EXERCISE OBJECTIVE: Beginning at the line containing "Σύγχρονη ολόσωμη φόρμα", repeat each line below exactly up to and including the line containing "沃格光电(603773)19". Do not repeat the pictures.

RECORDS TO PROCESS:
********************

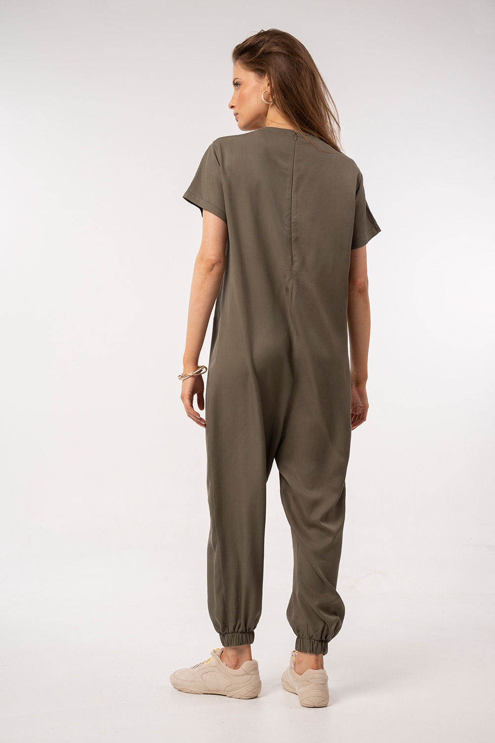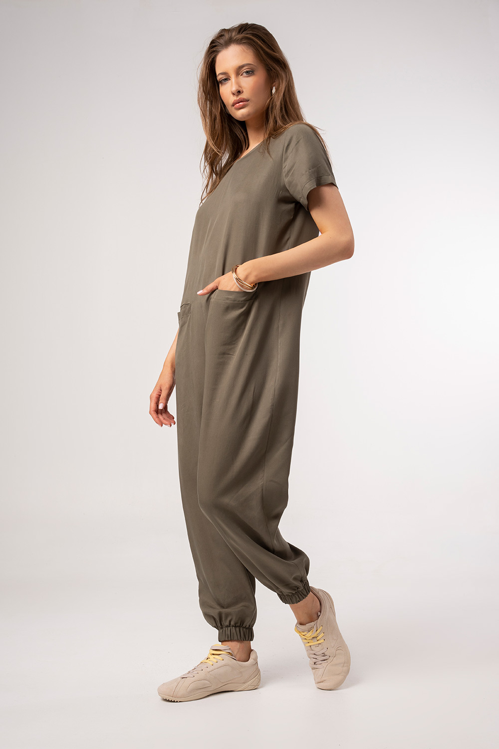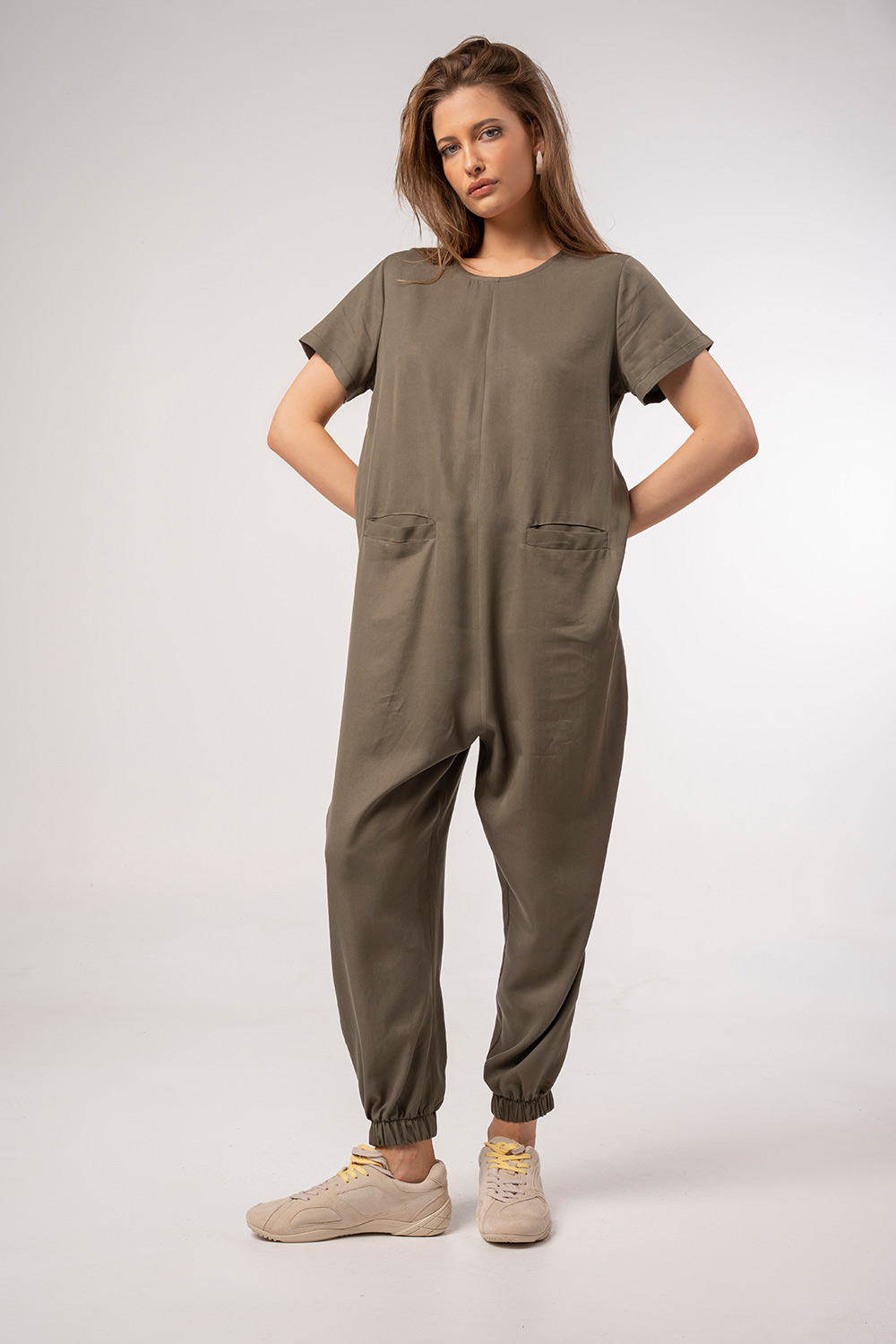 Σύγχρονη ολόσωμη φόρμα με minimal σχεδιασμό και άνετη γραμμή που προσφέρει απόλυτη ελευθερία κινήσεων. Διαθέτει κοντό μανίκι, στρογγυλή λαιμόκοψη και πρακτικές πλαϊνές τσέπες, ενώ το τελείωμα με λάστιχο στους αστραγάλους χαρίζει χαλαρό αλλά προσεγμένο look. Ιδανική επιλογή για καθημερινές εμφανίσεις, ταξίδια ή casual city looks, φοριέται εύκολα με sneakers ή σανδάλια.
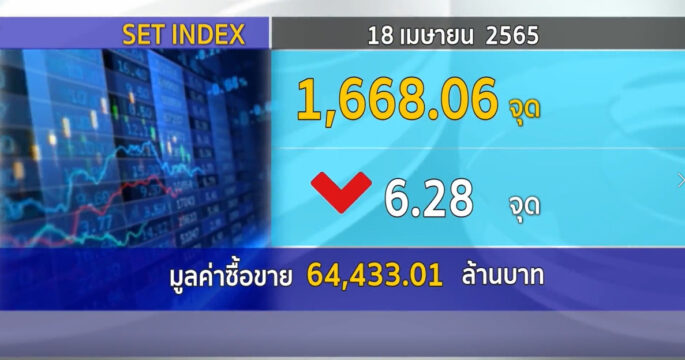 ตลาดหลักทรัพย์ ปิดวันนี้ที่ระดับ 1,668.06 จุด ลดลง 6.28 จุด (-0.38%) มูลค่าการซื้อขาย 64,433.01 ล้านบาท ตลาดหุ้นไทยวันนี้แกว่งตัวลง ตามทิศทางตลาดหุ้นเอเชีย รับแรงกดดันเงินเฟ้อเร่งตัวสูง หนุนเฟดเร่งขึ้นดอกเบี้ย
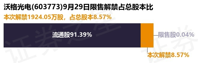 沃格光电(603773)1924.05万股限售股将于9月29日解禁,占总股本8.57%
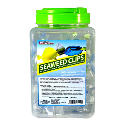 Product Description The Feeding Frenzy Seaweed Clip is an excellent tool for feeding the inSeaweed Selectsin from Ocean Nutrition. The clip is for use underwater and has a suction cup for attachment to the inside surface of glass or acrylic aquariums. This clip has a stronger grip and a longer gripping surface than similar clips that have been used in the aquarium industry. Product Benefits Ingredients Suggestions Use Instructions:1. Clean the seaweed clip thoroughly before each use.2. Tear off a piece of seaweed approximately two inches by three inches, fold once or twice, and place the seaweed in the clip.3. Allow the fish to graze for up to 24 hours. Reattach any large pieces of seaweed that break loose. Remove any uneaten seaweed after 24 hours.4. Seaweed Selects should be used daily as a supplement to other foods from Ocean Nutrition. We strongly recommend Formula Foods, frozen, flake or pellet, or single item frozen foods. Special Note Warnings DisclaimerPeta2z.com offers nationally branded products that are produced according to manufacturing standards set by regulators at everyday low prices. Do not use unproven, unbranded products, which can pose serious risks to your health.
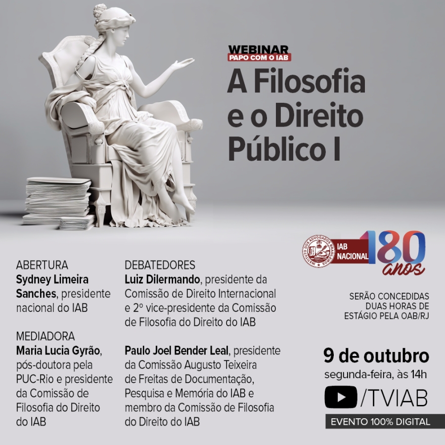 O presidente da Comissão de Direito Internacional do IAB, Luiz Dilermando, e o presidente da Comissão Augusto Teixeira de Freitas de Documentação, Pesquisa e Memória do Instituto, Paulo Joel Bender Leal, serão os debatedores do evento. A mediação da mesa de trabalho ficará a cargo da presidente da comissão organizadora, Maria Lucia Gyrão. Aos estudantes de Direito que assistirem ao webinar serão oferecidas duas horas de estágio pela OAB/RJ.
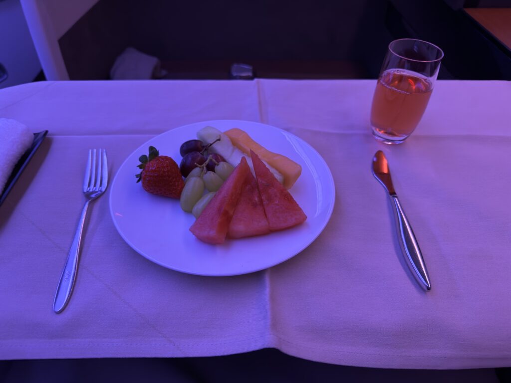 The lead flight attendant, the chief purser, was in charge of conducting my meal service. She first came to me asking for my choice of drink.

********************

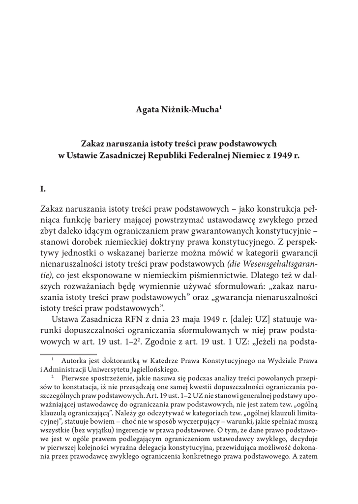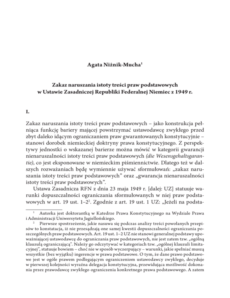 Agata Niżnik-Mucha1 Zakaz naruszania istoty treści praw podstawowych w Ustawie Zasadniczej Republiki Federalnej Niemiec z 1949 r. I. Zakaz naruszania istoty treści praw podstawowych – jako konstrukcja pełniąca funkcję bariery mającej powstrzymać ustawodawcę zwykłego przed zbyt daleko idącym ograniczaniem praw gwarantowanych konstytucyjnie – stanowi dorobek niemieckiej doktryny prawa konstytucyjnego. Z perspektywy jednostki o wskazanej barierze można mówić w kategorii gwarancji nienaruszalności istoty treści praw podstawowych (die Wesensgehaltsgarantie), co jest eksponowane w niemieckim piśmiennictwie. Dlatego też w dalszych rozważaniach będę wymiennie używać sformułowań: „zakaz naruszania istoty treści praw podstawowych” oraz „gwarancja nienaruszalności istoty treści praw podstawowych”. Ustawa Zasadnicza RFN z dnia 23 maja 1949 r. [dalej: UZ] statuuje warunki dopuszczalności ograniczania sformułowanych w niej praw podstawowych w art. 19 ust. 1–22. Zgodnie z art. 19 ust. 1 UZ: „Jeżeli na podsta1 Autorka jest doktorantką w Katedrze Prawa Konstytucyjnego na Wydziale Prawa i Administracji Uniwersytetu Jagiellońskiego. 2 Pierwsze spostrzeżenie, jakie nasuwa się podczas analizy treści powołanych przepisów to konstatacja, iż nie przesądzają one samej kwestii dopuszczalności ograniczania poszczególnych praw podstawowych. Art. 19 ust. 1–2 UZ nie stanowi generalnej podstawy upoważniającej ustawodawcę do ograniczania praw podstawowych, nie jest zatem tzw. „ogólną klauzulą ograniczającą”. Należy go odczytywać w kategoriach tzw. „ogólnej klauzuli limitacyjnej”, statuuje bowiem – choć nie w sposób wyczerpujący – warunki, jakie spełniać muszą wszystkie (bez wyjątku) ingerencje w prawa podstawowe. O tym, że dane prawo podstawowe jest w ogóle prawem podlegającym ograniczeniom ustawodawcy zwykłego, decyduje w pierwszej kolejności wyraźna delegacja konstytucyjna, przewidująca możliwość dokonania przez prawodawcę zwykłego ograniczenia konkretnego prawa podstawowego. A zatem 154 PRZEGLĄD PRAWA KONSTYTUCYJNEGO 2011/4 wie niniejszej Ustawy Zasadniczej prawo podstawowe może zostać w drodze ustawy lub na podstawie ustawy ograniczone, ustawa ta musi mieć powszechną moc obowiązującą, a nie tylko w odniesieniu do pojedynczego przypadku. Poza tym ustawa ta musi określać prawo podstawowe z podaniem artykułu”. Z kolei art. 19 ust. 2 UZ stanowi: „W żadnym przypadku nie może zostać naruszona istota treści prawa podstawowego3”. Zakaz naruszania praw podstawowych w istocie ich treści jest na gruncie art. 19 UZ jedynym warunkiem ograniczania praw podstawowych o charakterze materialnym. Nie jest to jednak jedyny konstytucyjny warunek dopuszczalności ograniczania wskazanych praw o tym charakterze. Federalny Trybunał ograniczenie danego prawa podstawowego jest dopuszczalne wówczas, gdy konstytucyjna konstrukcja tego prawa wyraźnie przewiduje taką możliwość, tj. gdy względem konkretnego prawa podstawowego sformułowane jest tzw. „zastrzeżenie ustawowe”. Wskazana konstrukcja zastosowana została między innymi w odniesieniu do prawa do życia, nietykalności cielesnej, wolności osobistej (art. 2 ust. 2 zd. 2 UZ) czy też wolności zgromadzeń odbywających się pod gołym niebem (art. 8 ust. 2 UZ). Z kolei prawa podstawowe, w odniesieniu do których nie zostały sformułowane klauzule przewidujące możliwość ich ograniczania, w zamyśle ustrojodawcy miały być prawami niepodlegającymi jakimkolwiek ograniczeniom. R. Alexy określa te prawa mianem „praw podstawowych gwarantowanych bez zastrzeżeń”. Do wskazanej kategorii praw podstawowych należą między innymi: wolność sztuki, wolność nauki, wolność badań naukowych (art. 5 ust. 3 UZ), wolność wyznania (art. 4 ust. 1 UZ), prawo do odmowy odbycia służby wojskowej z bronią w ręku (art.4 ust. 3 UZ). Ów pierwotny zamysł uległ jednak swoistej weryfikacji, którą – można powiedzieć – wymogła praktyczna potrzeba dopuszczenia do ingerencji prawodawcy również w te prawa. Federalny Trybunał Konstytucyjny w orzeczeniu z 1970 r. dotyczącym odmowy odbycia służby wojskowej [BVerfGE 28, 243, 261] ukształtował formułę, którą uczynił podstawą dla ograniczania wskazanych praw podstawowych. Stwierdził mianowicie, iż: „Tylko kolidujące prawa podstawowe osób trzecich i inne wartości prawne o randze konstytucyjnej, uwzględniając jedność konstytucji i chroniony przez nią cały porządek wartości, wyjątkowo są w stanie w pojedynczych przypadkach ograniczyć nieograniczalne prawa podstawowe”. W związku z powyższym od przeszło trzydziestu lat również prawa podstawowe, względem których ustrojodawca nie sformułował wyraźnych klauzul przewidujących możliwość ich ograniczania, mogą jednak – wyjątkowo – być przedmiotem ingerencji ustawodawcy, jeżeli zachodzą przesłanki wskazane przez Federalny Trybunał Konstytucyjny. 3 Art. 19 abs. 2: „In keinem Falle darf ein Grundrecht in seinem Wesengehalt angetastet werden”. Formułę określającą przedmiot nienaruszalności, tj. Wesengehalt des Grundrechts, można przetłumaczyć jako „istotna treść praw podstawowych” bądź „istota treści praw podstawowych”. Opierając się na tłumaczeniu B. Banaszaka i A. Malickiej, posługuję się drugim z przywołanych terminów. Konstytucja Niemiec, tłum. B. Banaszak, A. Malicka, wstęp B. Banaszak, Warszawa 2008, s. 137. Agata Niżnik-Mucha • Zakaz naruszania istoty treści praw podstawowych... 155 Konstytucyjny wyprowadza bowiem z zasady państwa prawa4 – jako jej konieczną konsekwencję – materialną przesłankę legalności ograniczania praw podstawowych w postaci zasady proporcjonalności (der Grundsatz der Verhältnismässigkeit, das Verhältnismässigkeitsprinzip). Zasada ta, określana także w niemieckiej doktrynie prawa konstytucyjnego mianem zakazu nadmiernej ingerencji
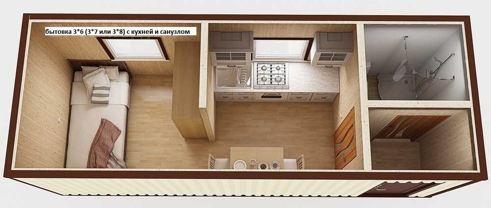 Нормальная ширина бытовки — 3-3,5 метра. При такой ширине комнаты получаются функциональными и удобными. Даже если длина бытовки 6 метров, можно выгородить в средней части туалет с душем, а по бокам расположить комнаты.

********************

SOLVED EXERCISE:
 Σύγχρονη ολόσωμη φόρμα με minimal σχεδιασμό και άνετη γραμμή που προσφέρει απόλυτη ελευθερία κινήσεων. Διαθέτει κοντό μανίκι, στρογγυλή λαιμόκοψη και πρακτικές πλαϊνές τσέπες, ενώ το τελείωμα με λάστιχο στους αστραγάλους χαρίζει χαλαρό αλλά προσεγμένο look. Ιδανική επιλογή για καθημερινές εμφανίσεις, ταξίδια ή casual city looks, φοριέται εύκολα με sneakers ή σανδάλια.
 ตลาดหลักทรัพย์ ปิดวันนี้ที่ระดับ 1,668.06 จุด ลดลง 6.28 จุด (-0.38%) มูลค่าการซื้อขาย 64,433.01 ล้านบาท ตลาดหุ้นไทยวันนี้แกว่งตัวลง ตามทิศทางตลาดหุ้นเอเชีย รับแรงกดดันเงินเฟ้อเร่งตัวสูง หนุนเฟดเร่งขึ้นดอกเบี้ย
 沃格光电(603773)1924.05万股限售股将于9月29日解禁,占总股本8.57%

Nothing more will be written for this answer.